If the command prints GPU information from inside the container, Docker GPU passthrough is working.

Docker can now run GPU-accelerated containers on DGX Spark.

Create the persistent workspace

Create the project directory:

    

        
        
mkdir -p ~/dgx-hermes-agent
cd ~/dgx-hermes-agent

Create the directory structure used by the runtime:

    

        
        
mkdir -p \
workspace/inbox \
workspace/memory \
workspace/logs \
workspace/processed \
workspace/config \
models \
compose \
qdrant

The workspace now looks like this:

    

        
        
dgx-hermes-agent/
|-- compose/
|-- models/
|-- qdrant/
|-- workspace/
|   |-- config/
|   |-- inbox/
|   |-- logs/
|   |-- memory/
|   `-- processed/

The workspace/ directory is shared across runtime services. Hermes will later monitor workspace/inbox/, write generated artifacts to workspace/memory/, and read runtime policies from workspace/config/.

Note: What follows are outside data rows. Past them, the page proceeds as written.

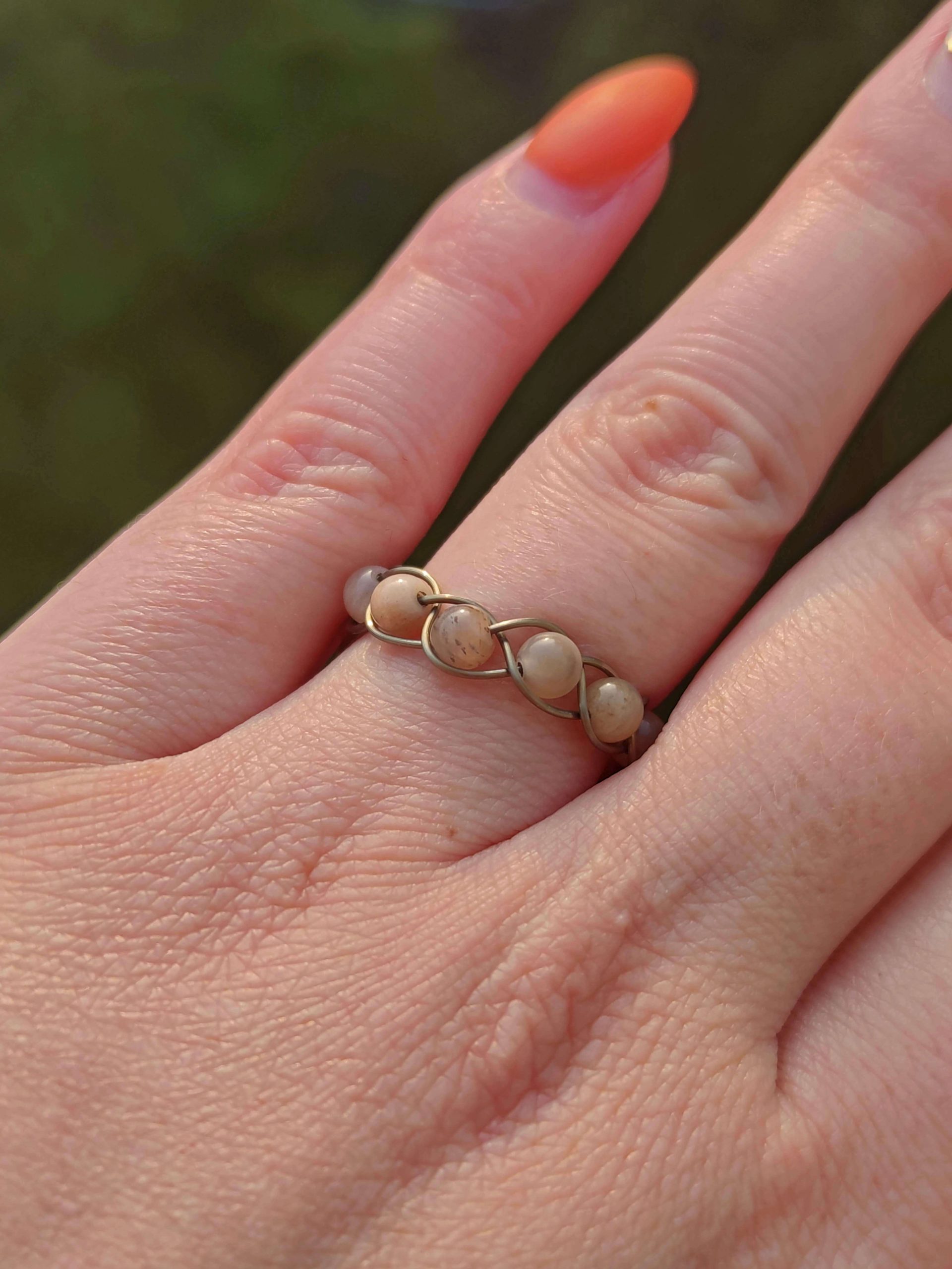 A gyűrű állítható méretű, így bármekkora ujjméretre megfelelő. Az allergén mentes nemesacél alapra holdkő ásványgyöngy került.
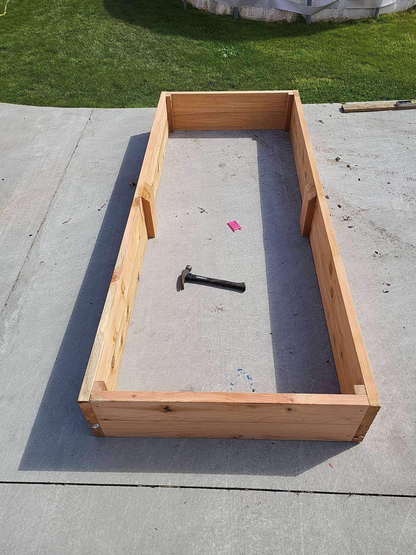 A simple design for a stable, sturdy garden bed. You can dress it up a bit by adding a mitred border around the top or making it higher. You can even attach a hinged lid or hoop frame to keep pests and the cold out. The possibilities are endless!
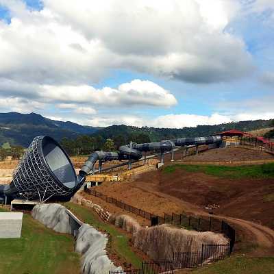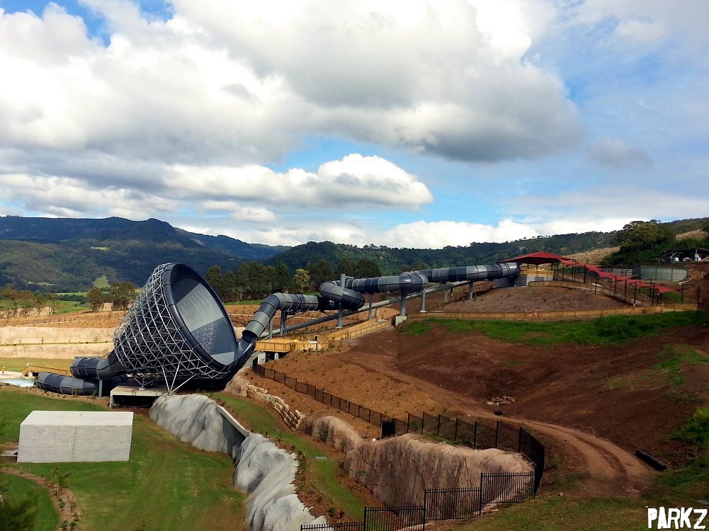 The slide starts out with a helter skelter of tight turns before dropping into a funnel, where riders rock up and down on the walls a few times before being flushed out one final spiral.
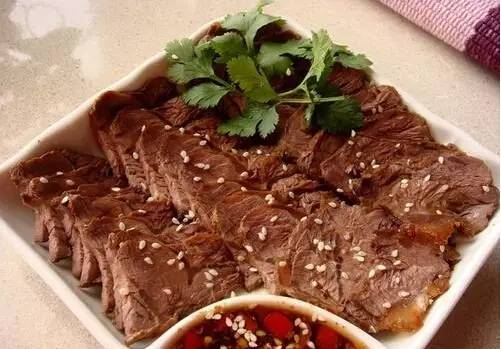 材料:牛肉400克、盐10克,白砂糖15克,料酒45毫升,黄酱100克,八角2粒,花椒、桂皮、葱姜
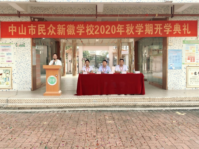 伴着优美旋律的校歌,流光溢彩的礼花,学校办公室主任何景欣宣布中山市民众新徽学校2020年秋学期开学典礼仪式正式开始,拉开了新学期的序幕。
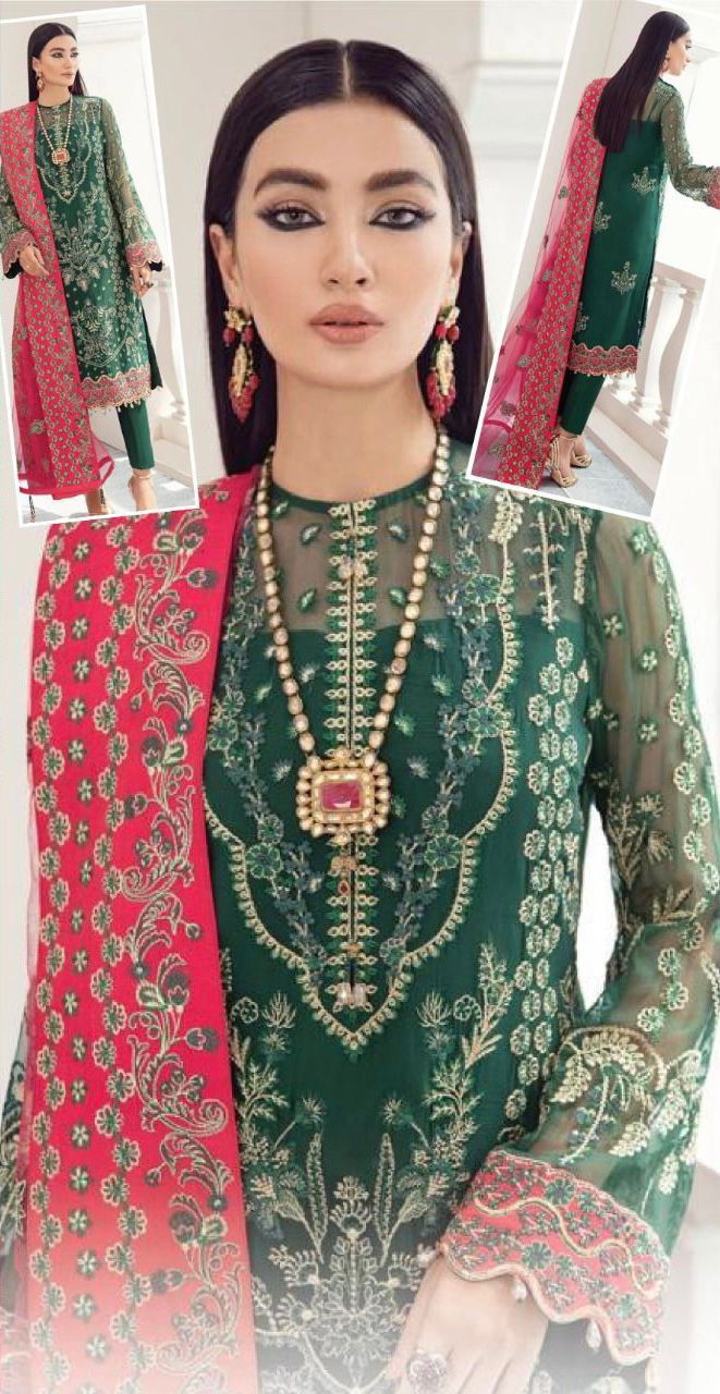 Designer Latest Net Bridal Collection Master ReplicaOur phenomenal intricate embroidered Master Replica from the Latest Designer Bridal Collection is a perfect stylistic mix for your day.Fabric: Net (Unstitched.)Embroidered Net Hand work, Sequins work and Mirror work BodyFully Embroidered Net Hand
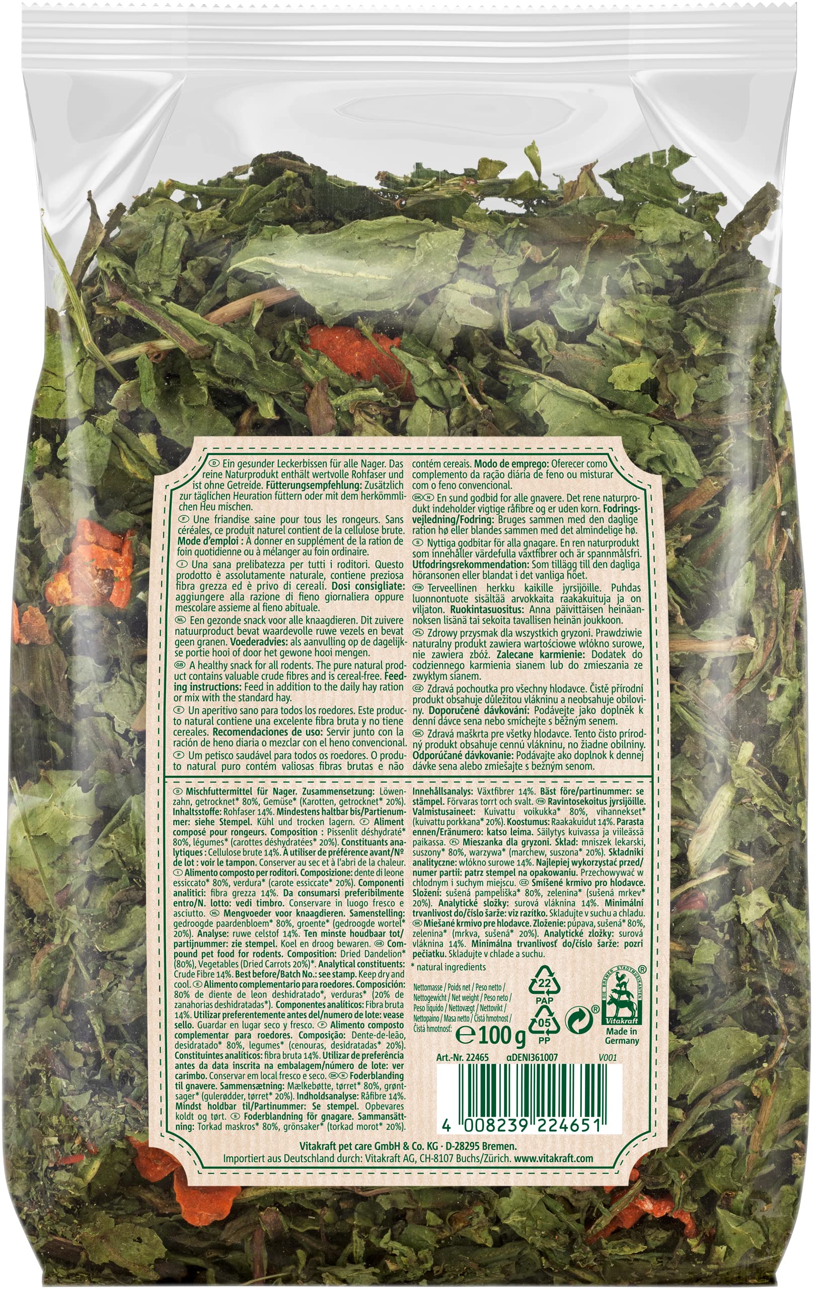 Deine kleinen Nager werden verrückt sein nach diesen Leckerlis! Vitakraft Vita Verde mit Löwenzahn und Karotten ist komplett ohne Zucker, Getreide, Farbstoffe oder künstliche Aromen. Löwenzahn stimuliert die Leber und fördert die Verdauung, Karotten liefern wichtige Vitamine. Der hohe Rohfaseranteil ist super für die Verdauung und das Kauen hilft bei der natürlichen Zahnpflege. Beugt Übergewicht vor und unterstützt das Harnsystem. Perfekt für Hamster, Mäuse, Kaninchen und alle anderen Nagetiere. 6 Packungen mit je 100g - da hast du lange was davon! Vitakraft Qualität, auf die du vertrauen kannst. Einfach mal ausprobieren und deine Tierchen verwöhnen!
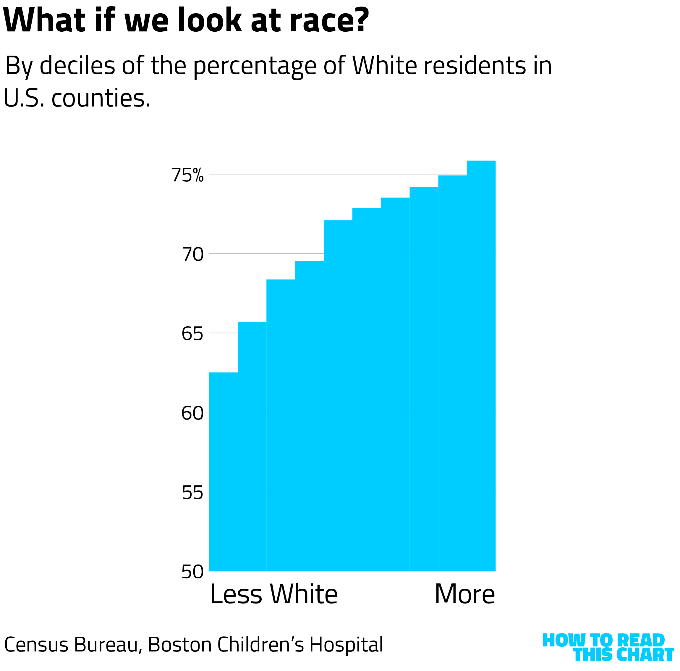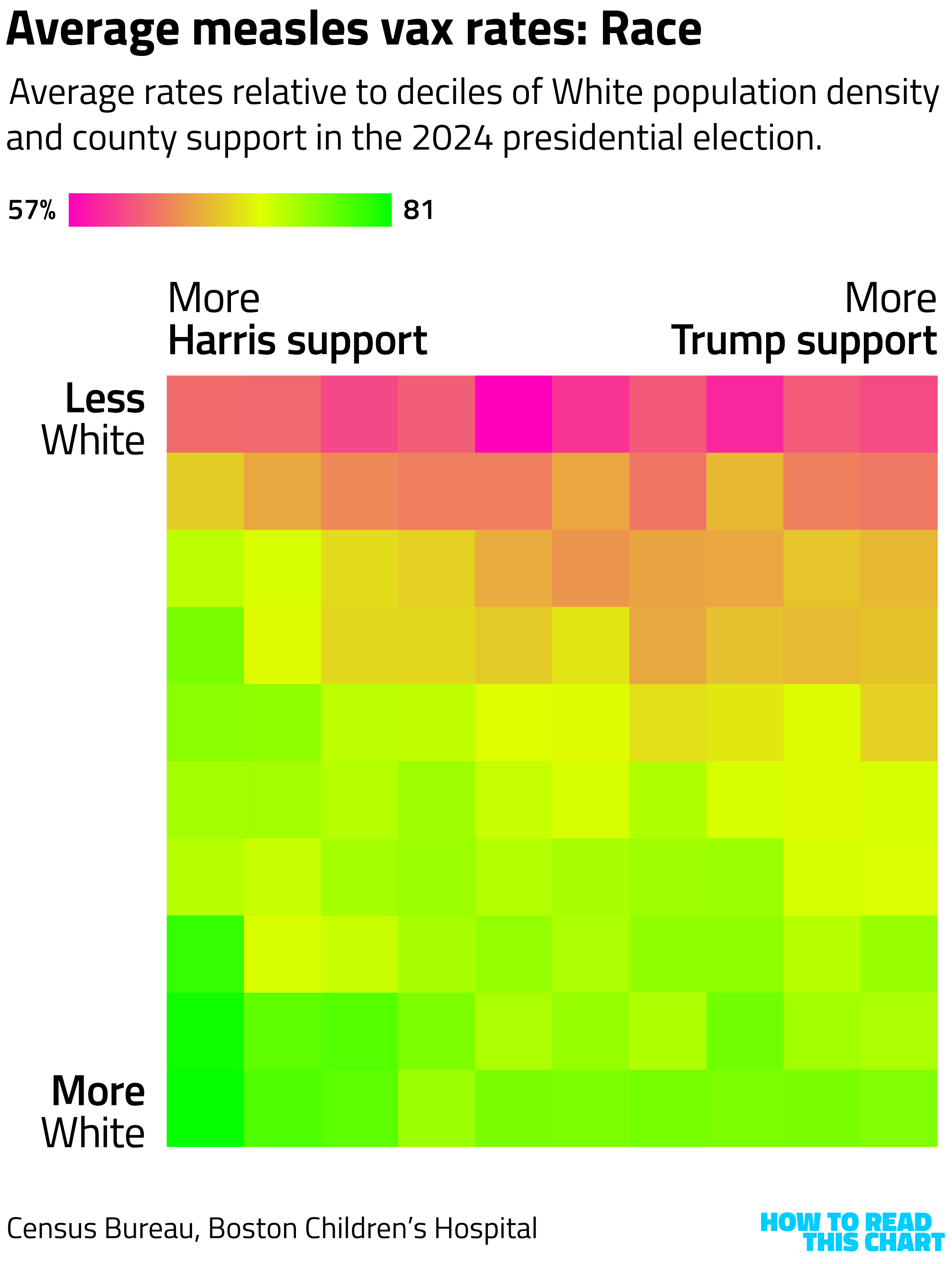 It shouldn't have been a surprise for another reason, too. After I pulled the data and made all these graphs, I went back and looked at the ABC News map again. The region with the most obvious elevated rates of measles risk? A sweep through the Deep South and into the Southwest — or, places with larger non-White populations.
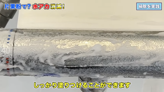3つ目はお風呂のカランの水垢を取っていく動画。なんとクエン酸と片栗粉を混ぜてジェルにしているよ。
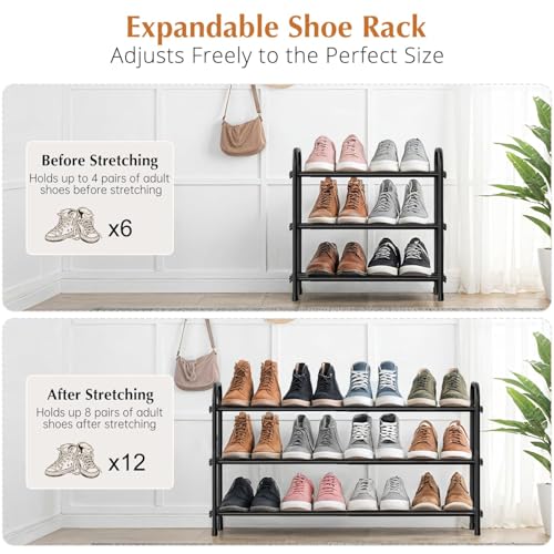 YUWHFEI Schuhregal Platzsparend, 3 Ebenen Shoe Rack Metall, Ausziehbar Schuhablage 45 to 80cm, Klein Schuhständer Schwarz, Schmales Schuh Regal für Outdoor, Flur, Garderobe, Eingangsbereich
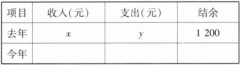 4. 小明家种植水果,去年收支相抵后,结余1 200元;今年因为改进了种植技术,他家水果获得丰收,收入比去年增加5%,支出比去年减少15%,今年比去年多结余1 140元。如果设小明家去年收入x元,支出为y元,那么:
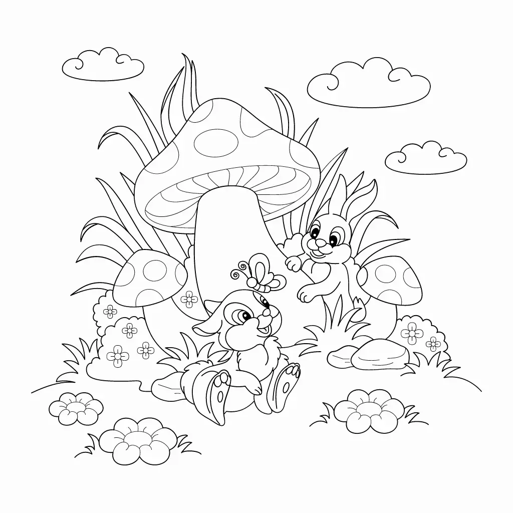 Colorea esta escena que incluye una ardilla y otros animales del bosque alrededor de una seta. Ideal para aprender sobre la vida en el bosque.
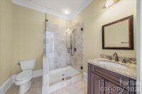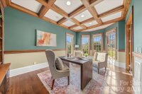 Introducing this exquisite custom-built luxury estate in highly sought-after Providence Downs South, where architectural elegance meets exceptional functionality. This all-brick masterwork offers an unparalleled level of privacy and sophistication. Step through the impressive arched double doors into a spectacular two-story foyer featuring classic travertine tile flooring, intricate wainscoting, and a gracefully curved wrought-iron staircase. Arched passageways lead to the spacious formal dining room, perfect for hosting grand gatherings. French doors open to a prestigious executive office complete with a rich wood coffered ceiling and gorgeous built-in bookshelves. The dramatic, vaulted great room boasts a massive wall of floor-to-ceiling windows and doors, anchored by a beautiful stone fireplace and custom built-ins. Culinary enthusiasts will admire the gourmet kitchen, which features cream-colored stacked cabinetry, a monumental dark wood contrasting center island, gleaming granite countertops, a Viking professional gas range, double ovens, and high-end panel-ready refrigeration. Extend your entertaining outdoors from the main level onto an oversized balcony, offering a serene vantage point overlooking the lush, private backyard. Designed for ultimate privacy and comfort, this home features 5 generous bedrooms plus a 6th bed/bonus room, with EVERY bedroom including its own pristine, dedicated full en-suite bath. An additional 2 elegant half-baths serve guests. Ascend to the versatile third floor, an expansive space perfectly suited for a vibrant game room, home gym, or secluded private retreat. The mudroom/utility room is equally impressive, with high-end cabinetry, granite counters, and a utility sink. The sprawling, finished walk-out basement is a destination in itself. Entertain in style with a dedicated movie theater featuring stadium seating, accompanied by a full professional bar. This level is also perfectly equipped as a private in-law or guest apartment, complete with its own second full kitchen, a spacious living area, and a private bedroom with a full en-suite bath. Step seamlessly from the basement out to a phenomenal paved back patio. This magnificent outdoor living area is built for year-round enjoyment, featuring both a built-in firepit and a stunning outdoor fireplace. Perfectly situated in the quiet elegance of Marvin, NC, this estate is a rare find, combining superior craftsmanship, abundant square footage, and a floor plan optimized for modern, high-end living.
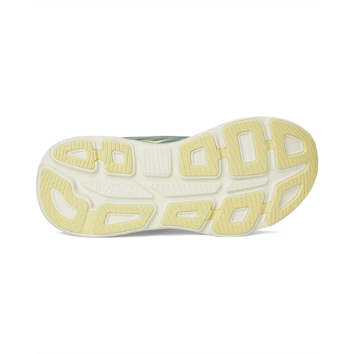 Romance: One of the hardest working shoes in the HOKA lineup, the Bondi 9 delivers peak plushness for everyday miles. Overhauled from top to bottom, we've increased the stack height and added a new premium foam midsole to deliver that soft, resilient ride that's become synonymous with the Bondi. Elevated with a 3D molded collar and structured knit upper with zonal breathability, this ultra-cushioned cult favorite has been finished with Durabrasion rubber to combat high wear zones. The upper is engineered with mesh and recycled polyester, reflective upper details, extended heel pull, and 3D molded collar. The super critically foamed EVA midsole features smooth MetaRocker, rearfoot-focused Active Foot Frame, and Molded EVA sockliner.

Create the runtime service stack

Create and edit the file ~/dgx-hermes-agent/compose/docker-compose.yml.

Add the following content:

    

        
        
services:

  ollama:
    image: ollama/ollama:latest
    container_name: ollama

    ports:
      - "11434:11434"

    dns:
      - 8.8.8.8
      - 1.1.1.1

    volumes:
      - ../models:/root/.ollama
      - ../workspace:/workspace

    deploy:
      resources:
        reservations:
          devices:
            - driver: nvidia
              count: all
              capabilities: [gpu]

    environment:
      - NVIDIA_VISIBLE_DEVICES=all

    restart: unless-stopped

  qdrant:
    image: qdrant/qdrant:latest
    container_name: qdrant

    ports:
      - "6333:6333"
      - "6334:6334"

    volumes:
      - ../qdrant:/qdrant/storage

    restart: unless-stopped

  open-webui:
    image: ghcr.io/open-webui/open-webui:main
    container_name: open-webui

    ports:
      - "3000:8080"

    environment:
      - OLLAMA_BASE_URL=http://ollama:11434

    volumes:
      - open-webui:/app/backend/data

    depends_on:
      - ollama

    restart: unless-stopped

volumes:
  open-webui:

This Compose stack creates the first three runtime services. You’ll add Hermes as a fourth service later. The explicit DNS settings in the Ollama service help the container reach the model registry reliably. You’ll verify this in the networking step.

Understand the role of each runtime service

The initial stack separates model execution, memory storage, and user interaction.

Service	Role
Ollama	Runs local language and embedding models
Qdrant	Stores persistent vector memory
Open WebUI	Provides a local browser interface to Ollama

The models/ directory persists Ollama models on the host. The qdrant/ directory persists vector database storage. The workspace/ directory is mounted into Ollama now and will also be mounted into Hermes later.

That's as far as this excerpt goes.